SUPPLIED DATA:
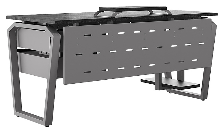 Офисный стол Кобор TB-100/60 aluminum/glazed используется в офисных помещениях и кабинетах руководителей. Модель оснащена опорами в форме обратной трапеции со скошенными верхними углами. Каркас выполнен из металла, выкрашенного в цвет алюминиевый металлик (RAL9006), столешница – из ламинированной древесно-стружечной плиты (ЛДСП) цвета черный дуб (H3178 ST37). Опции (заказываются отдельно):
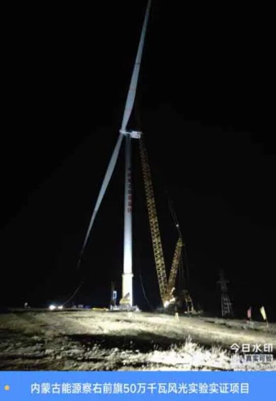 2026年1月16日19时50分,随着最后一节风机叶片精准对接,内蒙院承建的察右前旗50万千瓦风光实验实证EPC总承包项目首台风力发电机组吊装作业已圆满完成。这一重要里程碑标志着该项目正式进入风机批量安装与设备并网的冲刺阶段。
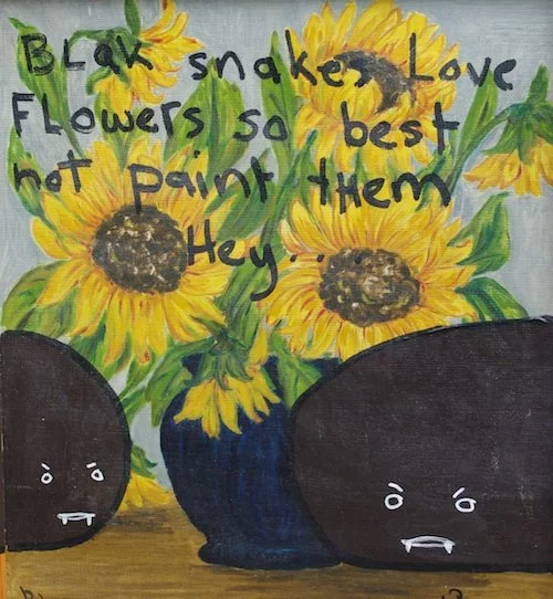 In Blak Snakes Love Flowers, Armstrong detonates the genteel stability of the traditional still-life—a genre historically obsessed with purity, beauty, and order—by allowing his cartoon-like “blak snakes” to literally speak back. Their warning (“best not paint them, hey…”) functions as both a mischievous punchline and a cutting meta-critique of artistic entitlement.

PROBLEM STATEMENT: The task calls for duplicating the data exactly, with no images kept.

YOUR SOLUTION:
 Офисный стол Кобор TB-100/60 aluminum/glazed используется в офисных помещениях и кабинетах руководителей. Модель оснащена опорами в форме обратной трапеции со скошенными верхними углами. Каркас выполнен из металла, выкрашенного в цвет алюминиевый металлик (RAL9006), столешница – из ламинированной древесно-стружечной плиты (ЛДСП) цвета черный дуб (H3178 ST37). Опции (заказываются отдельно):
 2026年1月16日19时50分,随着最后一节风机叶片精准对接,内蒙院承建的察右前旗50万千瓦风光实验实证EPC总承包项目首台风力发电机组吊装作业已圆满完成。这一重要里程碑标志着该项目正式进入风机批量安装与设备并网的冲刺阶段。
 In Blak Snakes Love Flowers, Armstrong detonates the genteel stability of the traditional still-life—a genre historically obsessed with purity, beauty, and order—by allowing his cartoon-like “blak snakes” to literally speak back. Their warning (“best not paint them, hey…”) functions as both a mischievous punchline and a cutting meta-critique of artistic entitlement.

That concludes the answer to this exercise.